I'm trying to simulate some processes in order to get some statistics. I decided to write simulation program using multiple threads as each test run is independant.
It means that if I need to perform e.g. 1000 test runs then it should be possible to have 4 threads (each doing 250 test runs).
While doing this I found that addition of multiple threads does not decrease simulation time.
I have Windows 10 laptop with 4 physical cores.
I wrote a simple program which shows behaviour I'm talking about.
from concurrent.futures import ThreadPoolExecutor
import time
import psutil
import random
def runScenario():
    d = dict()
    for i in range(0, 10000):
        rval = random.random()
        if rval in d:
            d[rval] += 1
        else:
            d[rval] = 1
    return len(d)    
def runScenarioMultipleTimesSingleThread(taskId, numOfCycles):
    print('starting thread {}, numOfCycles is {}'.format(taskId, numOfCycles))
    sum = 0
    for i in range(numOfCycles):
        sum += runScenario()
    print('thread {} finished'.format(taskId))
    return sum
def modelAvg(numOfCycles, numThreads):
    pool = ThreadPoolExecutor(max_workers=numThreads)
    cyclesPerThread = int(numOfCycles / numThreads)

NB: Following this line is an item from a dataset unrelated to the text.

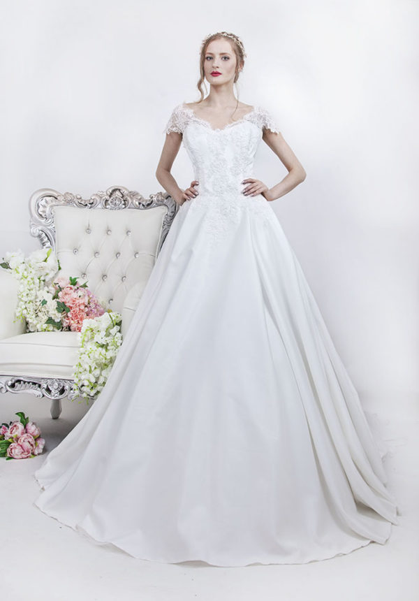 Ce modèle de robe de mariée présente un haut travaillé en dentelle et des petites manches transparentes conçues également en dentelle perlée, puis une jupe volumineuse en satin noble et une jolie traine. Il s’agit en effet d’une jolie robe de mariage présentant un bustier très près du corps. Ce dernier a des baleines intégrées à l’intérieur afin de pouvoir mettre parfaitement en valeur votre silhouette. En effet, ces baleines, couplées avec un laçage dans le dos, font office d’une gaine intégrée. Par conséquent, plus vous serrez le laçage, plus votre silhouette sera aminci. L’objectif est donc de trouver un bon juste milieu afin de sublimer votre silhouette et vous permettre de vous sentir bien à l’aise dans votre robe de mariage princesse. En effet, un tel système permet non juste de maintenir bien votre poitrine et de marquer votre taille, mais également d’aplatir votre ventre et vous assurer un très bon maintien de votre silhouette en général. Le haut est ensuite décoré avec une très jolie dentelle avec des fleurs. Cette dentelle est également brodée avec des sequins, perles et cristaux afin de rajouter à votre allure un peu de brillance sans en faire trop. Votre look restera donc toujours très élégant. La robe de mariage présente ensuite des bretelles conçues en dentelle qui a une très jolie finition sous forme de vagues qui tombent délicatement sur vos épaules et les habillent pour une allure tendre et sensuelle.

    numOfCycles = cyclesPerThread * numThreads
    futures = list()
    for i in range(numThreads):
        future = pool.submit(runScenarioMultipleTimesSingleThread, i, cyclesPerThread)
        futures.append(future)
    sum = 0
    for future in futures:
        sum += future.result()
    return sum / numOfCycles
def main():
    p = psutil.Process()
    print('cpus:{}, affinity{}'.format(psutil.cpu_count(), p.cpu_affinity() ))
    start = time.time()
    modelAvg( numOfCycles = 10000, numThreads = 4)
    end = time.time()
    print('simulation took {}'.format(end - start))
if __name__ == '__main__':
    main()
These are the results:
One thread:
cpus:8, affinity[0, 1, 2, 3, 4, 5, 6, 7]
starting thread 0, numOfCycles is 10000
thread 0 finished
simulation took 23.542529582977295
Four threads:
cpus:8, affinity[0, 1, 2, 3, 4, 5, 6, 7]
starting thread 0, numOfCycles is 2500
starting thread 1, numOfCycles is 2500
starting thread 2, numOfCycles is 2500
starting thread 3, numOfCycles is 2500
thread 1 finished
thread 2 finished
thread 0 finished
thread 3 finished
simulation took 23.508538484573364
I expect that when using 4 threads simulation time should be ideally 4 times smaller, and of cause it should not be the same.